Problem description: Using the material that follows, output exactly the lines from the one containing "Após criar todas" through the one containing "CHECK DOOR LOCK SWITCH", with both ends kept.

Entries shown:
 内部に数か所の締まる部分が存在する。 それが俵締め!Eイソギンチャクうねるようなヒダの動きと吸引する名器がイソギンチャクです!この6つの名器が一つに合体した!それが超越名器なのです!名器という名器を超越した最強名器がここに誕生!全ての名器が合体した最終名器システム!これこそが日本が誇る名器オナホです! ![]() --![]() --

---

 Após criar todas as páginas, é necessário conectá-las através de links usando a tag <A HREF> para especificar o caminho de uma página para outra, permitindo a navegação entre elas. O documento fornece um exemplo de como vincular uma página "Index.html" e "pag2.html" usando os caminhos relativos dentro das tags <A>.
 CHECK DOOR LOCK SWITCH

Expected answer:
 Após criar todas as páginas, é necessário conectá-las através de links usando a tag <A HREF> para especificar o caminho de uma página para outra, permitindo a navegação entre elas. O documento fornece um exemplo de como vincular uma página "Index.html" e "pag2.html" usando os caminhos relativos dentro das tags <A>.
 CHECK DOOR LOCK SWITCH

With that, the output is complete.